Bring back every record exactly, except for the pictures, which stay out.

↓

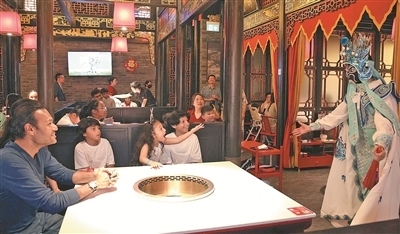 潘國余說,迪拜小龍坎火鍋店的位置在華人聚居區(qū),但現(xiàn)在40%的客人來自世界各地。這說明只要把握好品質(zhì),中國餐飲品牌“走出去”有著巨大空間?!拔覀儼l(fā)現(xiàn),很多國際客人來這里,一是因?yàn)槌曰疱伳茏约赫瓶乜谖杜c火候,有儀式感,二是能更多體驗(yàn)中國文化?!睘榇?,小龍坎火鍋店特意安排了川劇變臉、甩面秀、古箏彈奏等表演(見圖③,本報(bào)記者管克江攝),還提供傳統(tǒng)服飾供客人試穿、拍照?!盎疱伒甑难b修是古色古香的川西風(fēng)格,包廂名字也具有蜀地文化特征,如青梅煮酒、三顧茅廬、桃園結(jié)義等。每當(dāng)有外國朋友問起包廂名的含義,我們都會(huì)仔細(xì)解釋其歷史典故,做好美食的同時(shí)講好中國故事。”
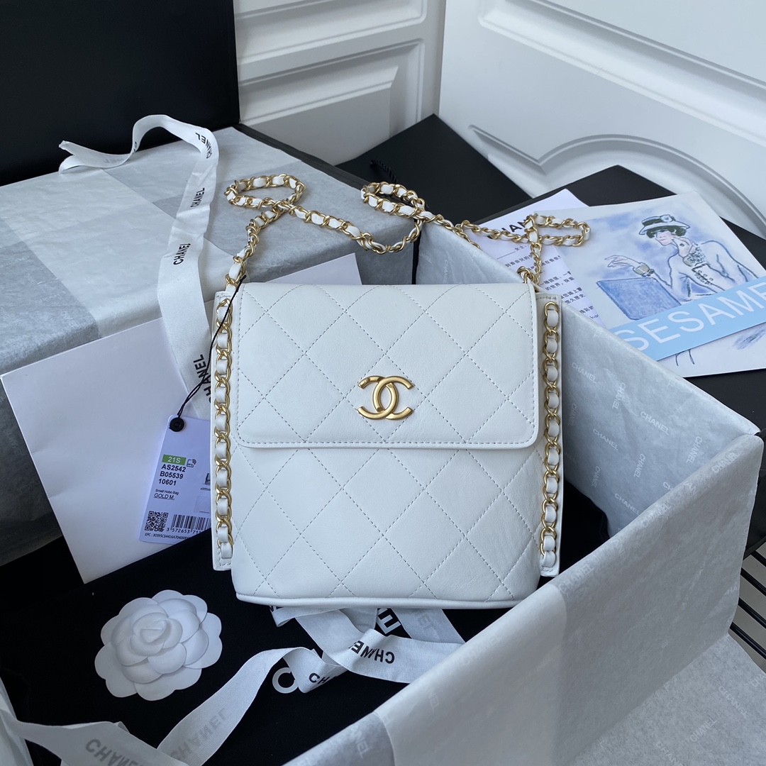 Ch**el small hobo bag calfskin & gold-tone metal white as2542 19 x 23 x 7 cm
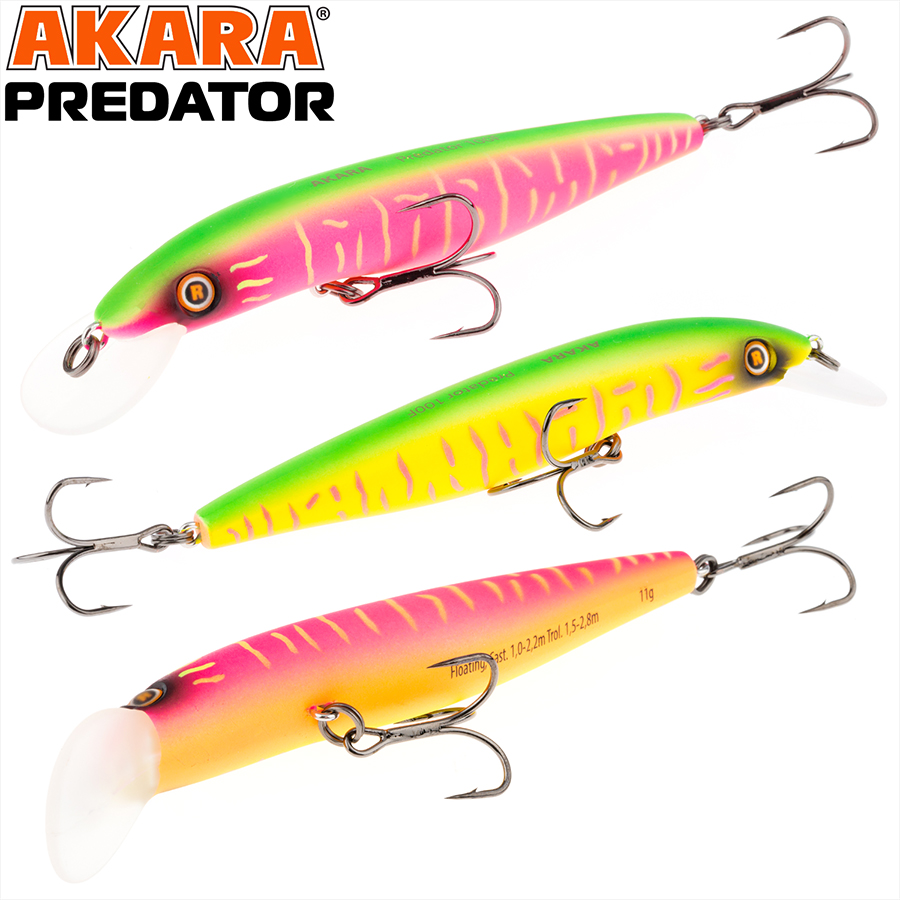 | Категория | Троллинговые воблеры | Троллинговые воблеры | Троллинговые воблеры | Размер, мм | 85 | 100 | 125 | Вес, гр | 8 | 11 | 21 | Заглубление от, м | 0,6 | 1 | 1,5 | Заглубление до, м | 1,8 | 2,8 | 3,5 | Тип плавучести | floating | floating | floating | Система дальнего заброса | нет | нет | нет | Шумовые эффекты | есть | есть | есть | Цвет | A1 | A23/59 | A207/161 |
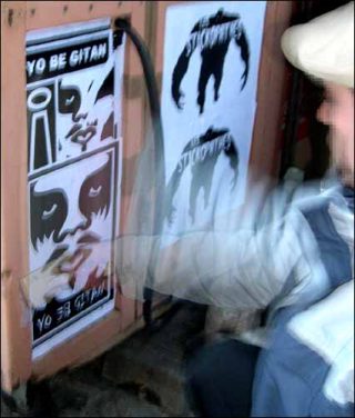 J’aime bien déranger. Continuer à utiliser Yo Be Gitan comme un slogan participe à distiller du poil à gratter dans cet univers. Utiliser la figure de Michaël Youn permet de prendre à contre-pied les critères de l’art urbain. Ce n’est pas un personnage que l’on s’attend à voir sur les murs. Il est très connu mais surtout, il n’appartient pas au monde de la rue. En me servant de lui, je parviens à provoquer le petit milieu du «street art». C’est dans ce même soucis que j’ai utilisé l’image de Jérémy Chatelain, de la Star’ Ac. Ça a le don d’embêter les gens du graffiti, et j’adore ça.
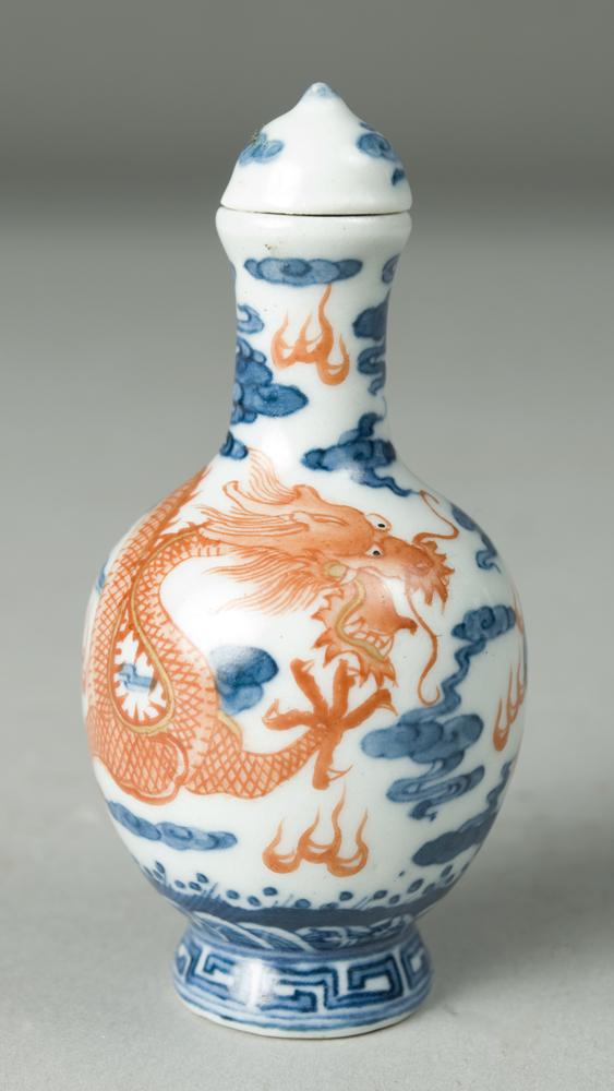 Finely decorated to depict 5-claw dragon in iron red chasing a flaming pearl, amid blue ruyi clouds with gilt highlights and Greek key border on bottom. Six character mark for Great Kangxi mark in blue underglaze on bottom. 3 & 1/8" H. 20th Century.
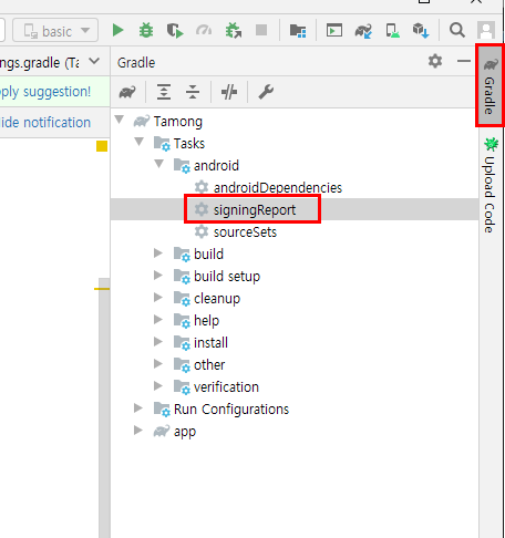 SHA-1키는 우측 상단의 Gradle -> Tasks -> android -> singingReport에서 확인할 수 있습니다:)
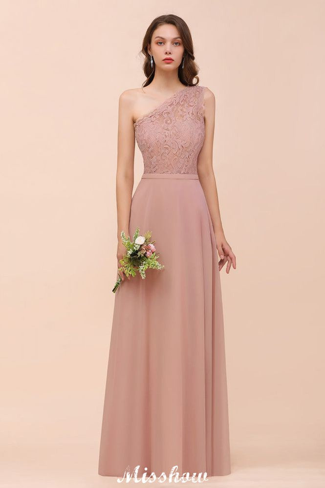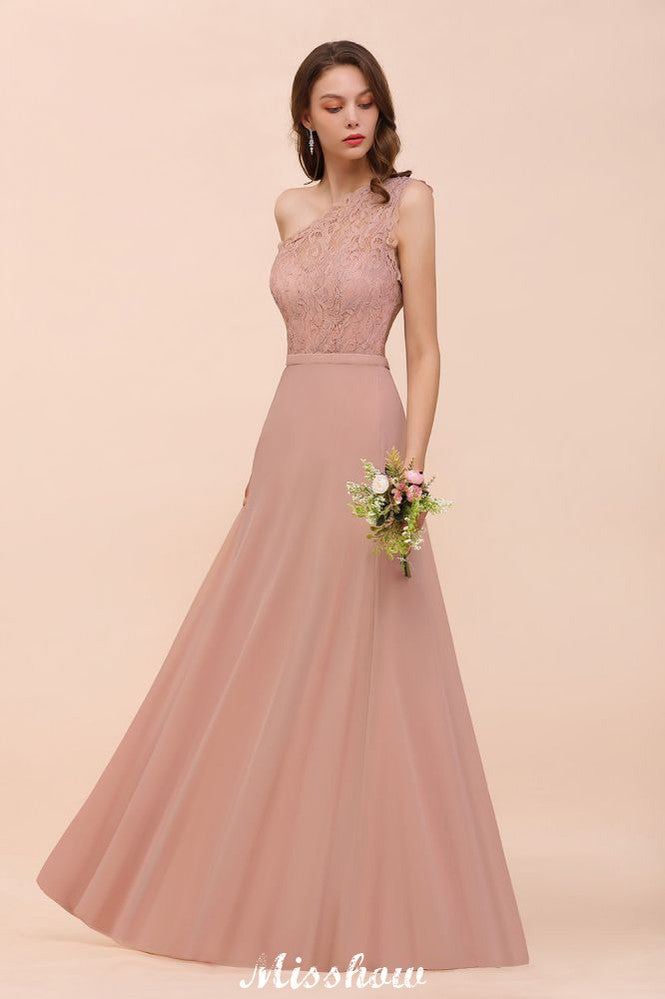 Robe de demoiselle d'honneur asymétrique en mousseline rose poudré, robe d'invitée de mariage pour la mariée
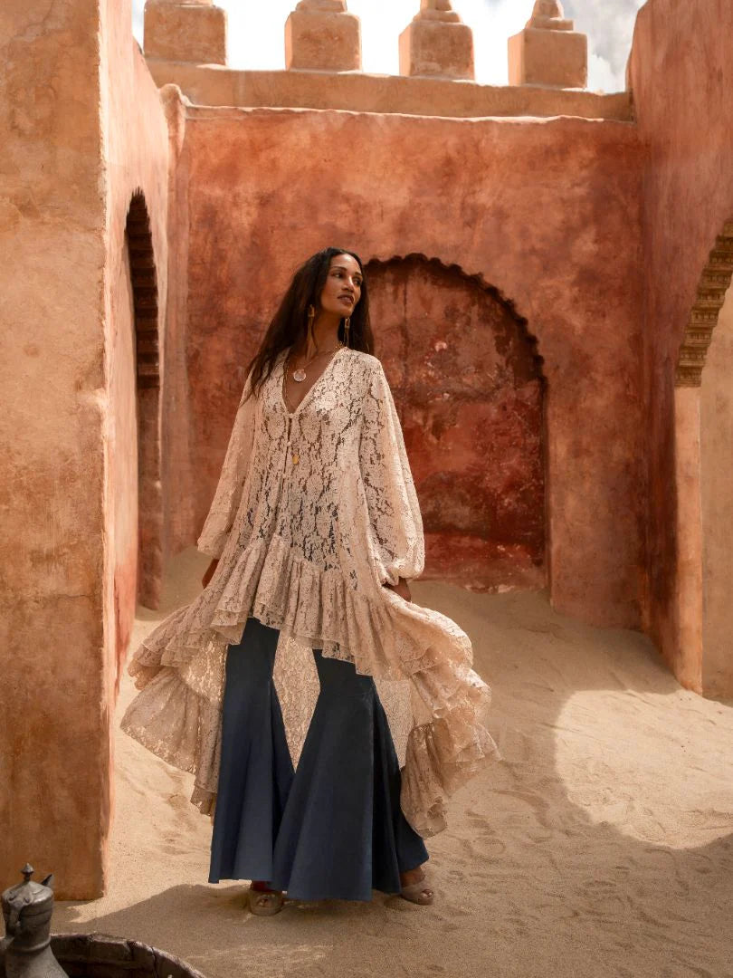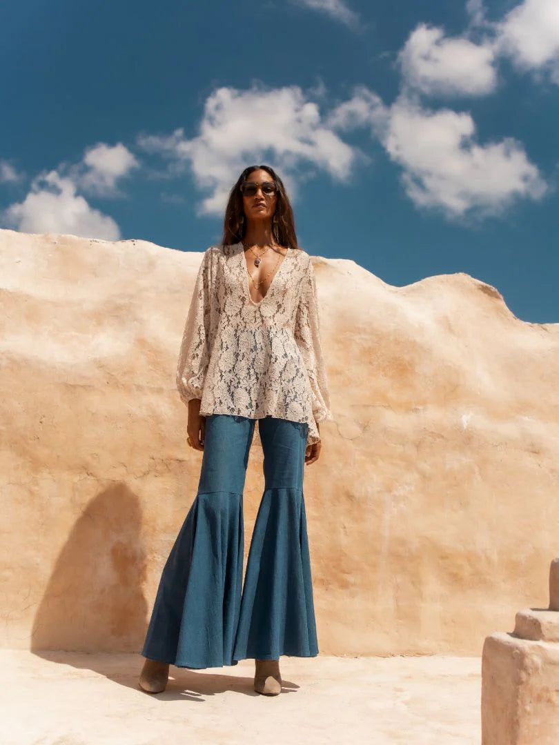 Echoing the effortless allure of vintage tailoring, these jeans reinterpret retro flair with modern precision. Cut to a high-rise silhouette that elongates the legs, they gracefully flare from the knee to create a fluid, sculpted line. The clean front and structured waistband lend a polished refinement, while the soft drape of the fabric ensures movement with understated sophistication.

↑

_Solution_.
 潘國余說,迪拜小龍坎火鍋店的位置在華人聚居區(qū),但現(xiàn)在40%的客人來自世界各地。這說明只要把握好品質(zhì),中國餐飲品牌“走出去”有著巨大空間?!拔覀儼l(fā)現(xiàn),很多國際客人來這里,一是因?yàn)槌曰疱伳茏约赫瓶乜谖杜c火候,有儀式感,二是能更多體驗(yàn)中國文化?!睘榇?,小龍坎火鍋店特意安排了川劇變臉、甩面秀、古箏彈奏等表演(見圖③,本報(bào)記者管克江攝),還提供傳統(tǒng)服飾供客人試穿、拍照?!盎疱伒甑难b修是古色古香的川西風(fēng)格,包廂名字也具有蜀地文化特征,如青梅煮酒、三顧茅廬、桃園結(jié)義等。每當(dāng)有外國朋友問起包廂名的含義,我們都會(huì)仔細(xì)解釋其歷史典故,做好美食的同時(shí)講好中國故事。”
 Ch**el small hobo bag calfskin & gold-tone metal white as2542 19 x 23 x 7 cm
 | Категория | Троллинговые воблеры | Троллинговые воблеры | Троллинговые воблеры | Размер, мм | 85 | 100 | 125 | Вес, гр | 8 | 11 | 21 | Заглубление от, м | 0,6 | 1 | 1,5 | Заглубление до, м | 1,8 | 2,8 | 3,5 | Тип плавучести | floating | floating | floating | Система дальнего заброса | нет | нет | нет | Шумовые эффекты | есть | есть | есть | Цвет | A1 | A23/59 | A207/161 |
 J’aime bien déranger. Continuer à utiliser Yo Be Gitan comme un slogan participe à distiller du poil à gratter dans cet univers. Utiliser la figure de Michaël Youn permet de prendre à contre-pied les critères de l’art urbain. Ce n’est pas un personnage que l’on s’attend à voir sur les murs. Il est très connu mais surtout, il n’appartient pas au monde de la rue. En me servant de lui, je parviens à provoquer le petit milieu du «street art». C’est dans ce même soucis que j’ai utilisé l’image de Jérémy Chatelain, de la Star’ Ac. Ça a le don d’embêter les gens du graffiti, et j’adore ça.
 Finely decorated to depict 5-claw dragon in iron red chasing a flaming pearl, amid blue ruyi clouds with gilt highlights and Greek key border on bottom. Six character mark for Great Kangxi mark in blue underglaze on bottom. 3 & 1/8" H. 20th Century.
 SHA-1키는 우측 상단의 Gradle -> Tasks -> android -> singingReport에서 확인할 수 있습니다:)
 Robe de demoiselle d'honneur asymétrique en mousseline rose poudré, robe d'invitée de mariage pour la mariée
 Echoing the effortless allure of vintage tailoring, these jeans reinterpret retro flair with modern precision. Cut to a high-rise silhouette that elongates the legs, they gracefully flare from the knee to create a fluid, sculpted line. The clean front and structured waistband lend a polished refinement, while the soft drape of the fabric ensures movement with understated sophistication.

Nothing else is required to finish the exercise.